Inhaled medicine is going to kick in quicker, but not be as strong or long-lasting.  Take a hit or two then stop.  See how you feel 15 minutes later.  Some strains are creepers, which means the effect will slowly creep up on you, rather than being immediate.  Here is a link to information on flower as medicine.  Edible medicine is like extended release opiates.  START SMALL.  JUST INCASE YOU DIDN’T SEE THAT, START SMALL.  Edibles can take up to 2 hours before they start taking effect, depending on your metabolism.  If you eat more than your dose, you will be miserable and possibly do something uncharacteristically stupid. For an article on how to use edibles, click here.   Concentrates are what you move up to when the rest doesn’t cut it, and are unchartered territory for me.

Signs to watch for – Be mindful of your body.  Cannabinoids affect everyone differently.  If you feel your heart racing a bit, go more indica.  You may need more CBD or other cannabinoids like CBN.  If you feel too drowsy, maybe head towards the sativa side.  Know you seriously do want to have CBD in your life.  autoimmune arthritis does its damage via inflammation.  CBD is anti-inflammatory.  Your THC can be adjusted based on your needs, so be mindful of the general make up of each plant.

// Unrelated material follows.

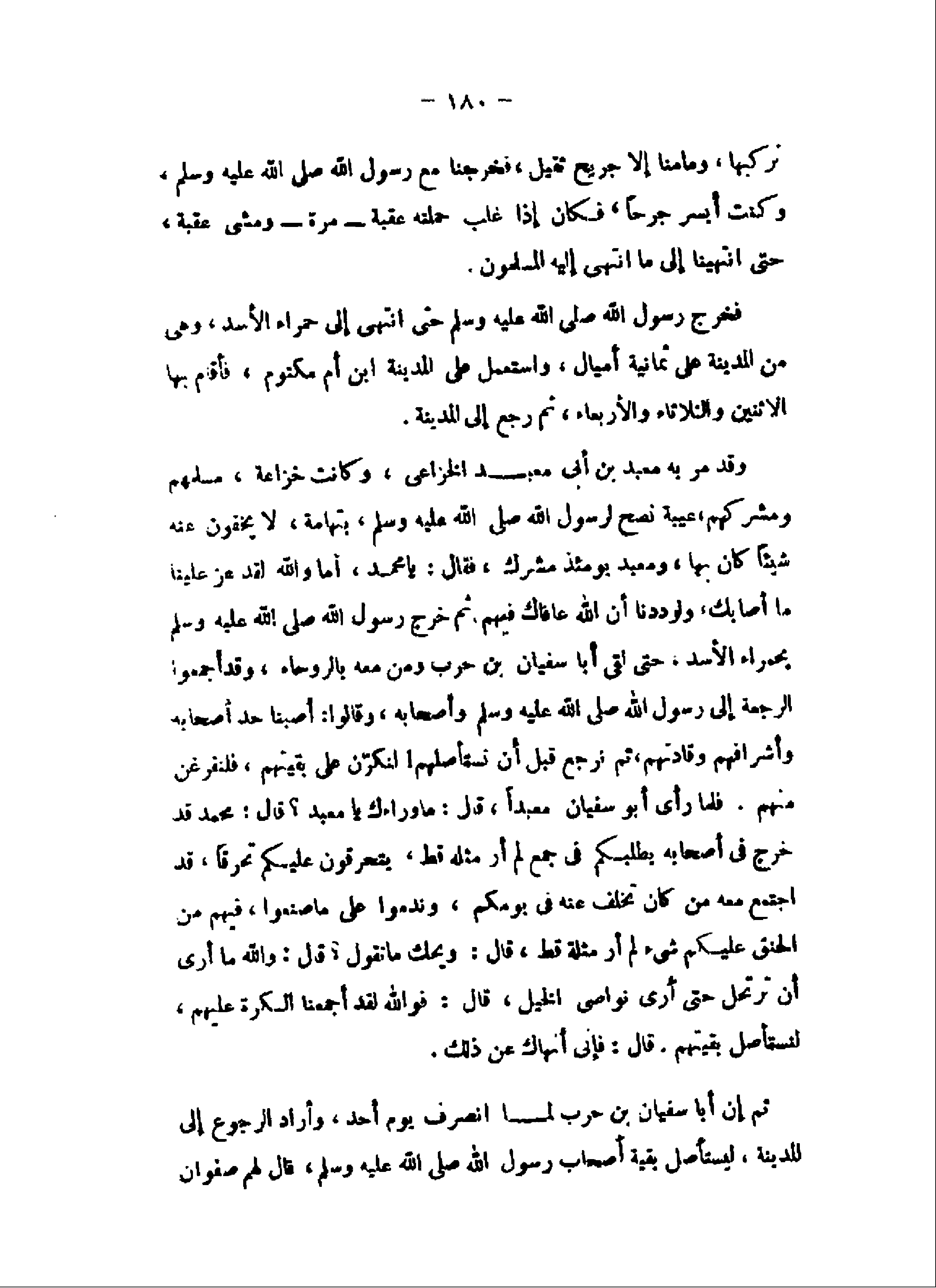 وقد مر به معبد بن أبى معبد الخزاعى، وكانت خزاعة، مسلمهم ومشركهم، عيبة نصح لرسول الله صلى الله عليه وسلم، بتهامة، لا يخفون عنه شيئا كان بها، ومعبد يومئذ مشرك، فقال: يا محمد، أما والله لقد عز علينا ما أصابك، ولوددنا أن الله عافاك فيهم، ثم خرج رسول الله صلى الله عليه وسلم بحمراء الأسد، حتى لقى أبا سفيان بن حرب ومن معه بالروحاء، وقد أجمعوا الرجعة إلى رسول الله صلى الله عليه وسلم وأصحابه، وقالوا: أصبنا حد أصحابه وأشرافهم وقادتهم، ثم نرجع قبل أن نستأصلهم! لنكرّن على بقيتهم، فلنقرغن منهم. فلما رأى أبو سفيان معبدا، قال: ما وراءك يا معبد؟ قال: محمد قد خرج فى أصحابه يطلبكم فى جمع لم أر مثله قط، يتحرقون عليكم تحرقا، قد اجتمع معه من كان تخلف عنه فى يومكم، وندموا على ما صنعوا، فيهم من الحنق عليكم شىء لم أر مثلة قط، قال: ويحك ما تقول؟ قال: والله ما أرى أن ترتحل حتى أرى نواصى الخيل، قال: فو الله لقد أجمعنا الكرة عليهم، لنستأصل بقيتهم. قال: فإنى أنهاك عن ذلك.

Don’t do cannabis alone the first time.  It is easier with someone there to reassure you and make sure you don’t go nuts and eat a 100mg edible on your first go.  Once you know what to expect – no problem.  If you ever question your health or are with someone who is disoriented, please take them or go to the hospital.  Most people seem to be heeding the warnings of budtenders and labels, but a few have not and had fatal accidents as a result.  While you cannot die from a THC overdose shutting down your body, it can disorient you enough that you do something absolutely insane like jump off a balcony or shoot themselves.  Both of those have happened here, and I can only think these poor guys would never have done that otherwise.  Unfortunately, the budtenders are meticulous in talking to tourists about dosing and the packages are labeled.  Heed the warnings please.

Hopefully this, and the links within will help you decide if this is the right path for you, then help guide and inspire you.